From the equation it looks like a exponential-family GLM with interactions between the features (2nd summation term). In patsy, something like: y ~ a + b + c + d + a:b:c:d I think? But it’s unusual to define the coefficient of a * b as beta1 * beta2, since this isn’t going to be identifiable – that is, if the true effect is 1, there’s an infinite combination of beta1 * beta2 that equal 1, so the posterior geometry will be degenerate.

I also don’t think there’s any reason to think the effect of the interaction term would be the product of the effects?
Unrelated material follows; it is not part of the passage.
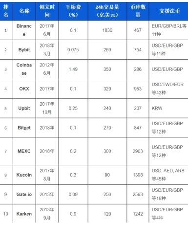 據CMC所示,評分位居前十的交易所如下:

But I also don’t know anything about this model you’re working with.

1 Like

m=a + bx +cy+ dxx +eyy +fxy
a b c d e f m are known, set priors for x y ?

But I have to consider the multiplication of priors in my model .
Is there better way to deal with it?

Thanks, I will have a look at it!

I don’t think that’s the model you are currently specifying. Did you potentially mix up the predictors and the coefficients? As @jessegrabowski said, it looks like you are multiplying coefficients rather than predictors (e.g., e \cdot e \cdot y rather than e \cdot y \cdot y).

Hi, I’m sure I don’t mix up.

I use the above equation to replace a real model.
The model parameters is x(x_i, x_j), The coefficient is a(a_i, a_ij)
The coefficient a is fixed and calculated using sensitivity analysis based (SAB) method (page 4 of davis2003.pdf (1005.6 KB)) . I am sure this process is correct.
My purpose is to find a set of model parameters x to fit observed data (compared with the left of above equation) best to do uncertainty minimization and optimize the model parameters.

This method of parameter optimization seems to work correctly in queso (based on C and linux, My mentor did similar job using queso). The introduction of this library is queso .

so

This also seems reasonable, so I am confused now.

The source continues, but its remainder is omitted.